▸ Task description
The task calls for the lines below from the line with "December 19 –" to the line with "Группа беспечных детей, развлекающихся", both ends included, copied exactly, without any pictures.

▸ Exercise data
-- Opening Marker --

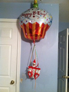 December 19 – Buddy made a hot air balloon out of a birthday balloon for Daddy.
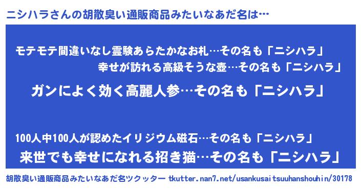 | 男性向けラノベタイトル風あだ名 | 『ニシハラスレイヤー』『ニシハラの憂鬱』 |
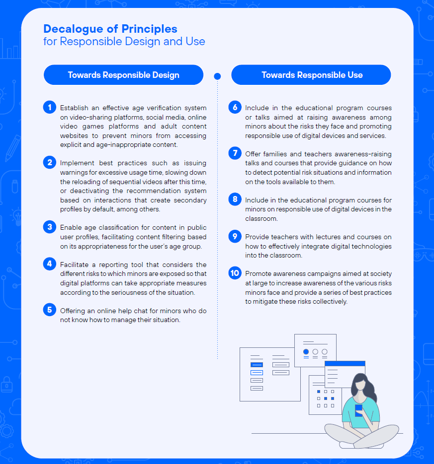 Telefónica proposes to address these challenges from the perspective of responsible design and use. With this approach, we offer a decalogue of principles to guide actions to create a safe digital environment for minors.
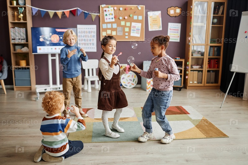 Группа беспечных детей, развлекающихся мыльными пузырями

-- Closing Marker --
-- Opening Marker --

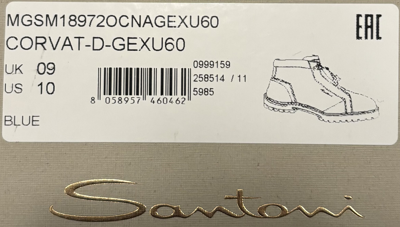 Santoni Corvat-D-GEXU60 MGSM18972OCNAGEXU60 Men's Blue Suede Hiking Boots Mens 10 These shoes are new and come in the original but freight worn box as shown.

-- Closing Marker --
-- Opening Marker --

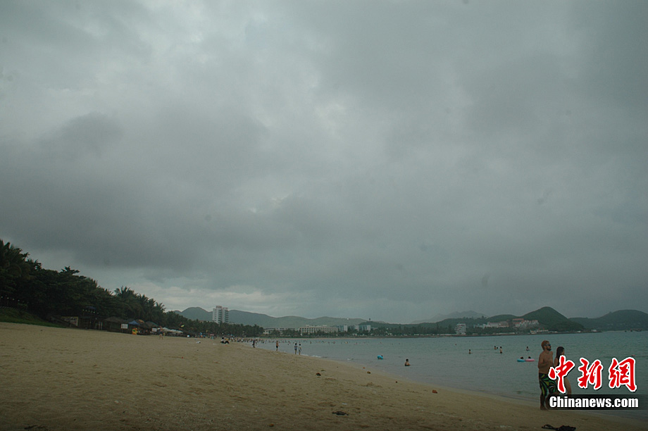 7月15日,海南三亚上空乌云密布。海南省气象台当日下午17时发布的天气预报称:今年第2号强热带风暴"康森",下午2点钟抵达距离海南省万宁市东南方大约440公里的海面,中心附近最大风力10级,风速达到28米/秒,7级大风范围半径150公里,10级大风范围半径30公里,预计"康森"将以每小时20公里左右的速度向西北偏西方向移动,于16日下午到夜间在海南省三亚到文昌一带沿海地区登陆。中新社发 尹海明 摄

-- Closing Marker --

▸ Response box
 December 19 – Buddy made a hot air balloon out of a birthday balloon for Daddy.
 | 男性向けラノベタイトル風あだ名 | 『ニシハラスレイヤー』『ニシハラの憂鬱』 |
 Telefónica proposes to address these challenges from the perspective of responsible design and use. With this approach, we offer a decalogue of principles to guide actions to create a safe digital environment for minors.
 Группа беспечных детей, развлекающихся мыльными пузырями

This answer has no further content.